Output the data below only from the line containing "Well maintained 4" up to and including the line containing "National Day Activities", exact and with the pictures left out.

Extracted information:
^^^^^^^^

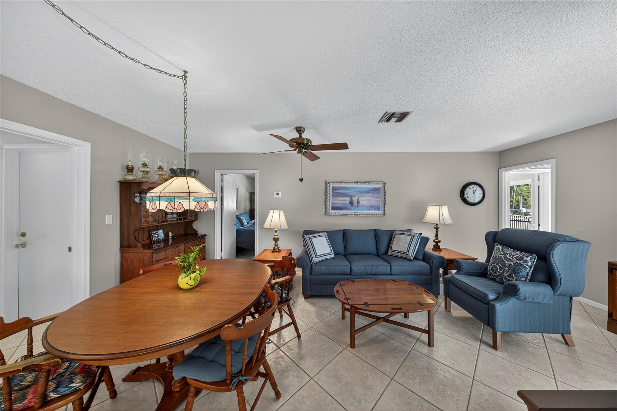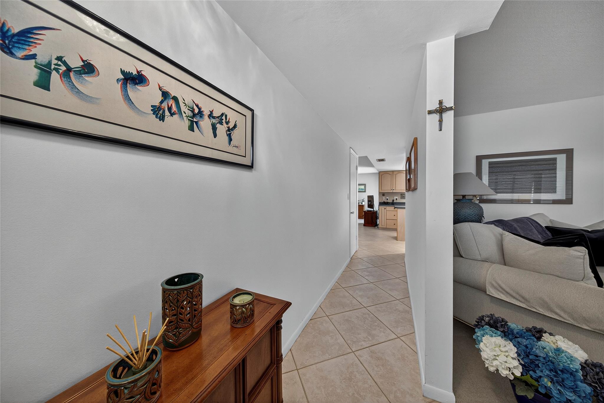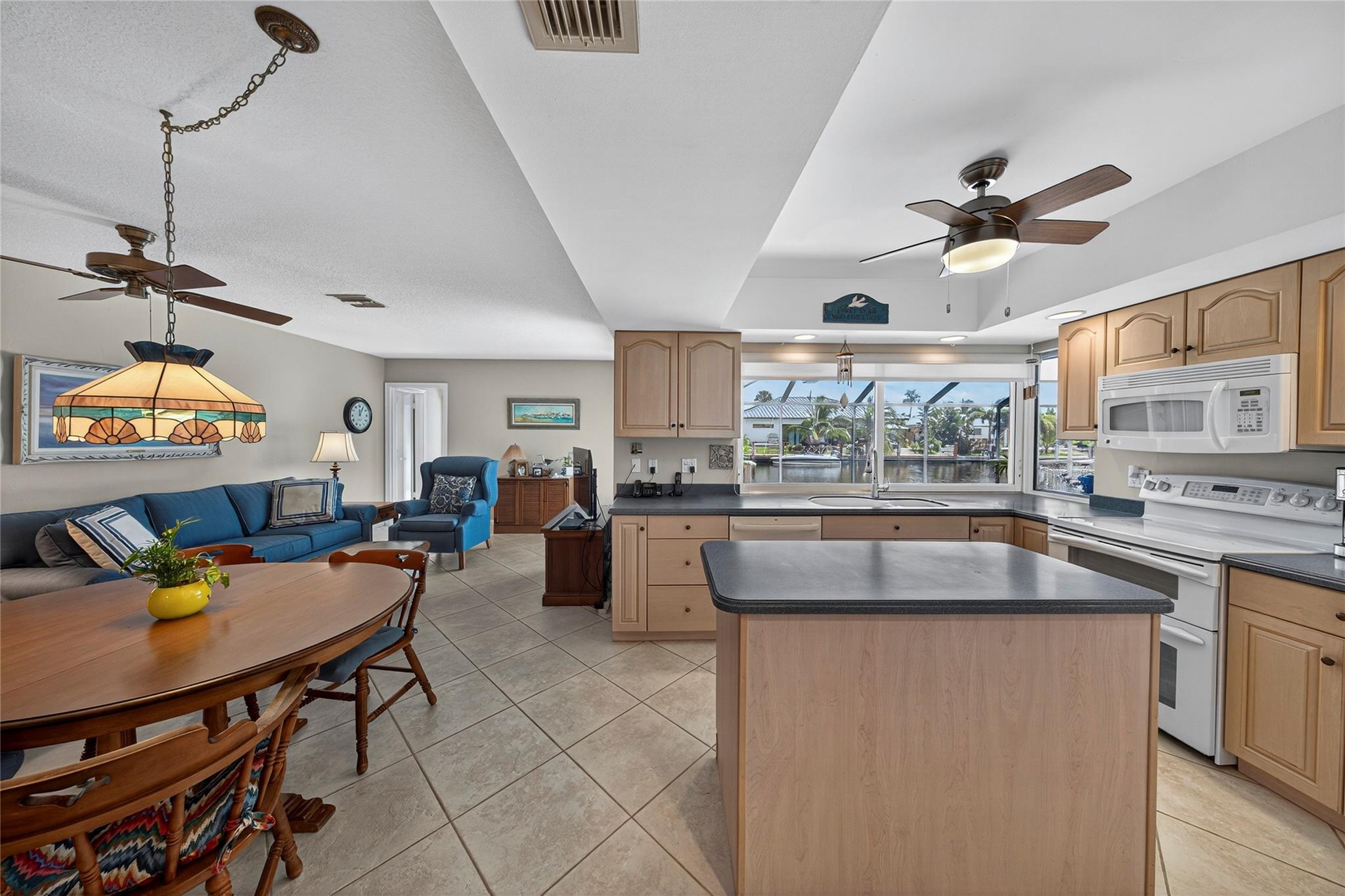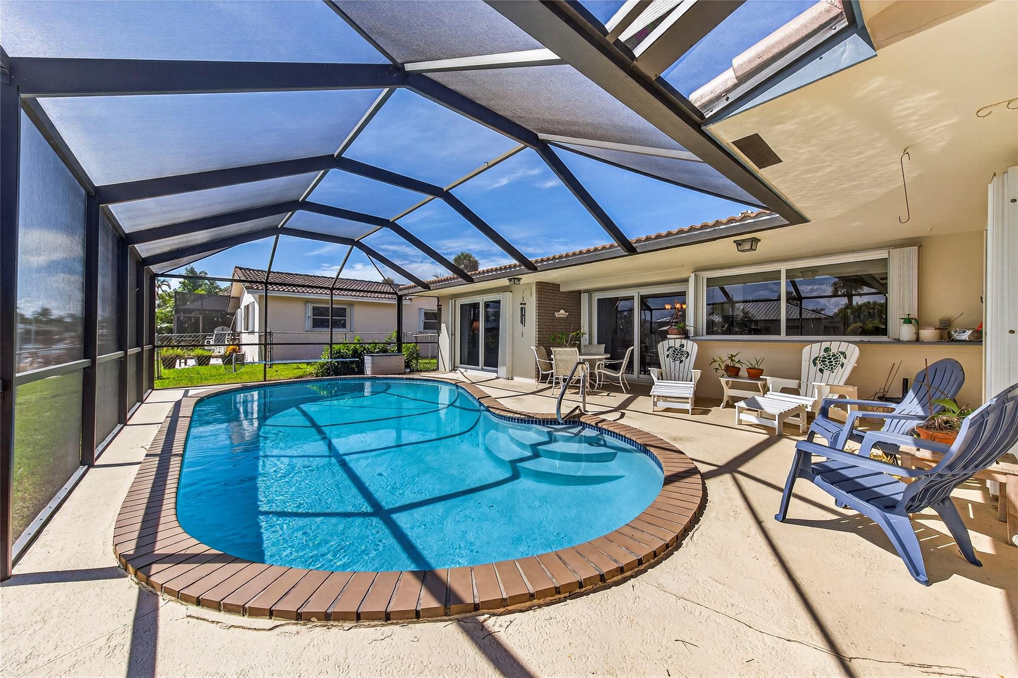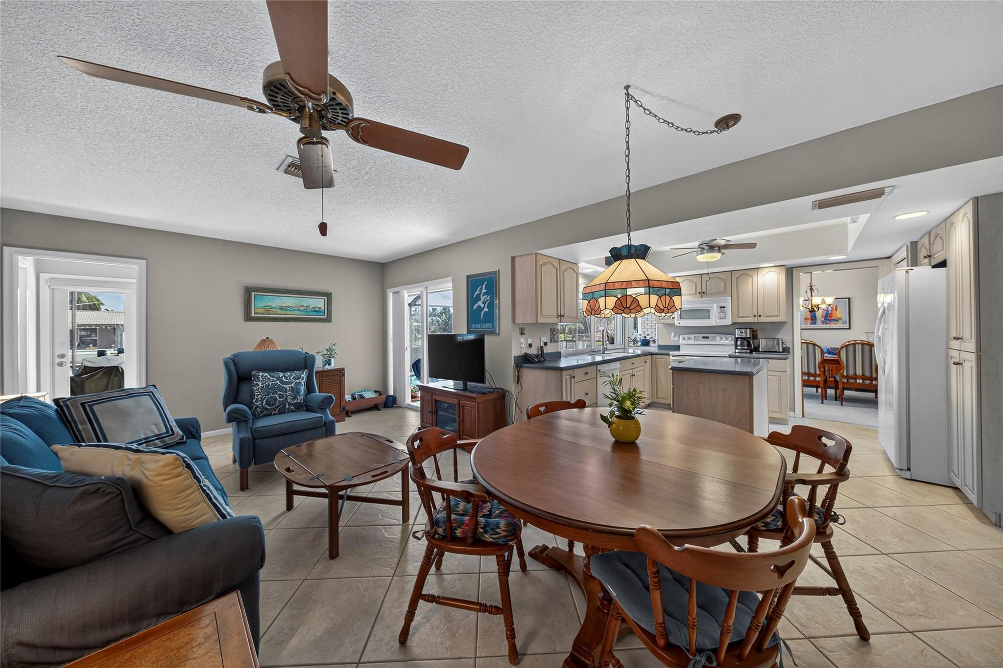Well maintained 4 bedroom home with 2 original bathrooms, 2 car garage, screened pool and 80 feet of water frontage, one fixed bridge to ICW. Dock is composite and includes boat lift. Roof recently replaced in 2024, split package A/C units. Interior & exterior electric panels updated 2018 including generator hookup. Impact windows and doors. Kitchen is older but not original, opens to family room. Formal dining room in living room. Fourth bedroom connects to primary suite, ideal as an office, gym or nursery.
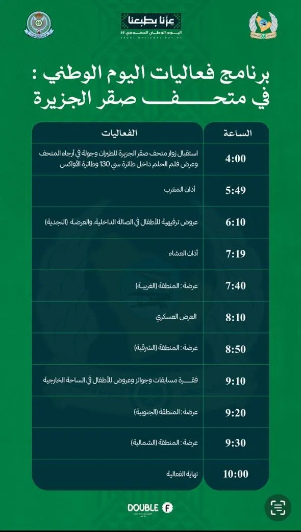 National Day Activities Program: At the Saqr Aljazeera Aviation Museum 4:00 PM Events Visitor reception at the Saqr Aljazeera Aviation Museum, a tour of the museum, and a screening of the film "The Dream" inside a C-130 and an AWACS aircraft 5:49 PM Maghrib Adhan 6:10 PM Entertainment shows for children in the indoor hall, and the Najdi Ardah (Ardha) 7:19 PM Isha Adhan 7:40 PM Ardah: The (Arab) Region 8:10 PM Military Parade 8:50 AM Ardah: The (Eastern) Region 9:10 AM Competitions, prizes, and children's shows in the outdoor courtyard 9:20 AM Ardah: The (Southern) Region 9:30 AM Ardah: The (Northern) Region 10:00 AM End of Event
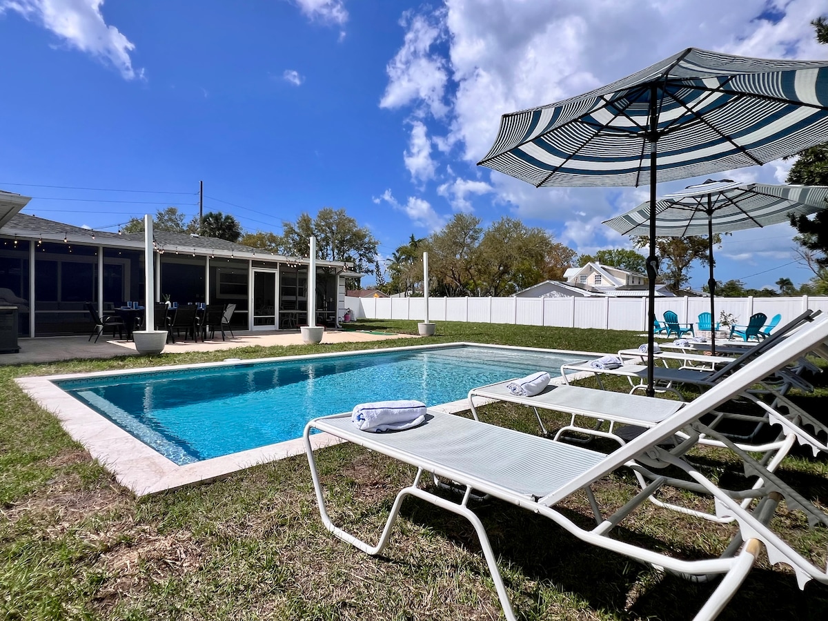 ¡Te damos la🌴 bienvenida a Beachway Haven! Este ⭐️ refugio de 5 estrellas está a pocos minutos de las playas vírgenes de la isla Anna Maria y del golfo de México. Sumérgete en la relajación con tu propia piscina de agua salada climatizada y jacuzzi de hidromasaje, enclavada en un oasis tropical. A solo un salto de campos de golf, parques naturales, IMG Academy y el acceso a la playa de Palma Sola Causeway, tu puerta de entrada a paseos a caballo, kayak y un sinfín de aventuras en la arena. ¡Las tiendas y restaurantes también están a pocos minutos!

^^^^^^^^

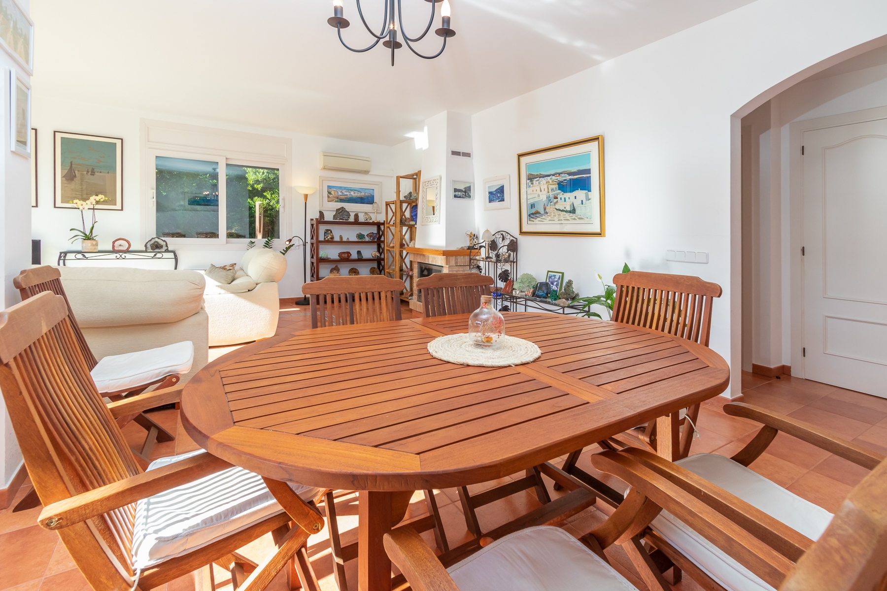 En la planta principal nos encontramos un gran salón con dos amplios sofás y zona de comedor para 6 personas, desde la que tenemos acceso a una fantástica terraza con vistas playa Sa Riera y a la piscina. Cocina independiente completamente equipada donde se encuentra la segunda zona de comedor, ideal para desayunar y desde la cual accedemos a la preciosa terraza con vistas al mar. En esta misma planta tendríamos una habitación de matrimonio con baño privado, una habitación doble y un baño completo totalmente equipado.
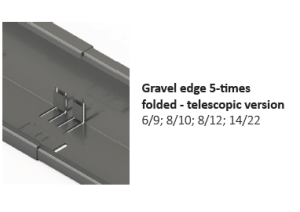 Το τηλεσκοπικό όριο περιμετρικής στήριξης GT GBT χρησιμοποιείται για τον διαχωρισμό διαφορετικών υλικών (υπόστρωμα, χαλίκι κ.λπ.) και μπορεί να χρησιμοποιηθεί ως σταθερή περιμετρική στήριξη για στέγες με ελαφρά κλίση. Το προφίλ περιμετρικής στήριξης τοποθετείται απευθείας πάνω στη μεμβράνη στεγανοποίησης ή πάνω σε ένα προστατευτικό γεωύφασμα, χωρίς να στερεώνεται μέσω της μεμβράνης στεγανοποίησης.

^^^^^^^^

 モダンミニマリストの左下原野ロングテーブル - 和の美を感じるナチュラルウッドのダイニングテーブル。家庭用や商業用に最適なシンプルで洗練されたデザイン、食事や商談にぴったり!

^^^^^^^^

Exercise answer:
Well maintained 4 bedroom home with 2 original bathrooms, 2 car garage, screened pool and 80 feet of water frontage, one fixed bridge to ICW. Dock is composite and includes boat lift. Roof recently replaced in 2024, split package A/C units. Interior & exterior electric panels updated 2018 including generator hookup. Impact windows and doors. Kitchen is older but not original, opens to family room. Formal dining room in living room. Fourth bedroom connects to primary suite, ideal as an office, gym or nursery.
 National Day Activities Program: At the Saqr Aljazeera Aviation Museum 4:00 PM Events Visitor reception at the Saqr Aljazeera Aviation Museum, a tour of the museum, and a screening of the film "The Dream" inside a C-130 and an AWACS aircraft 5:49 PM Maghrib Adhan 6:10 PM Entertainment shows for children in the indoor hall, and the Najdi Ardah (Ardha) 7:19 PM Isha Adhan 7:40 PM Ardah: The (Arab) Region 8:10 PM Military Parade 8:50 AM Ardah: The (Eastern) Region 9:10 AM Competitions, prizes, and children's shows in the outdoor courtyard 9:20 AM Ardah: The (Southern) Region 9:30 AM Ardah: The (Northern) Region 10:00 AM End of Event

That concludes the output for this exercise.